*HOW TO COMPLETE THIS TASK*: The answer is the exact run of lines in the listing below from the line containing "The 8% rayon" up to and including the line containing "基于该预测,利用微波热冲法的瞬态温变特性(温度~1100 K,速率~70 K", with pictures removed.

*DATA SUPPLIED*:
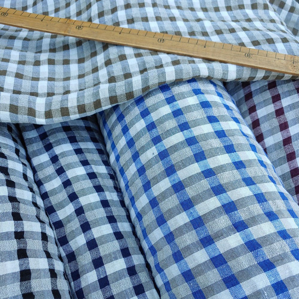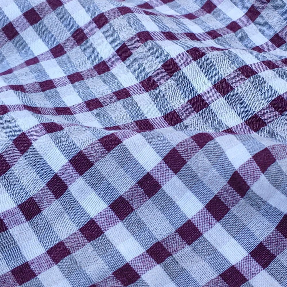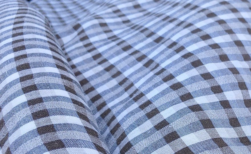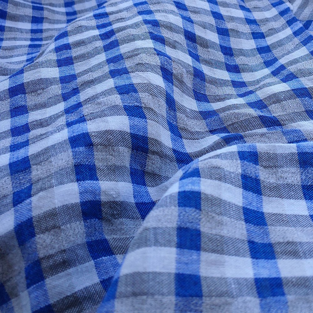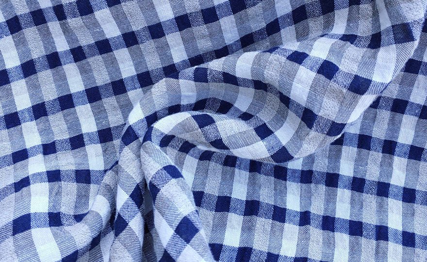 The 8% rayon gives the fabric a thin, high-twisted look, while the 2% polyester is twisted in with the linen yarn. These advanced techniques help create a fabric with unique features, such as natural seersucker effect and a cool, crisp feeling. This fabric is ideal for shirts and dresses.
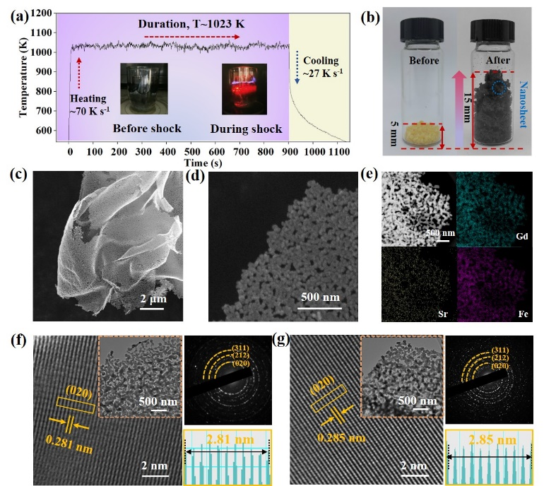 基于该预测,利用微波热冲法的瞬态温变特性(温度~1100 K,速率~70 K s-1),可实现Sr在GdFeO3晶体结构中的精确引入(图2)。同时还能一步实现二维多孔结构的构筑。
---
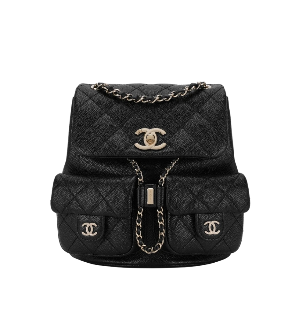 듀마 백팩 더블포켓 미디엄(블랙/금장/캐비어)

*RESPONSE TO THIS TASK*:
 The 8% rayon gives the fabric a thin, high-twisted look, while the 2% polyester is twisted in with the linen yarn. These advanced techniques help create a fabric with unique features, such as natural seersucker effect and a cool, crisp feeling. This fabric is ideal for shirts and dresses.
 基于该预测,利用微波热冲法的瞬态温变特性(温度~1100 K,速率~70 K s-1),可实现Sr在GdFeO3晶体结构中的精确引入(图2)。同时还能一步实现二维多孔结构的构筑。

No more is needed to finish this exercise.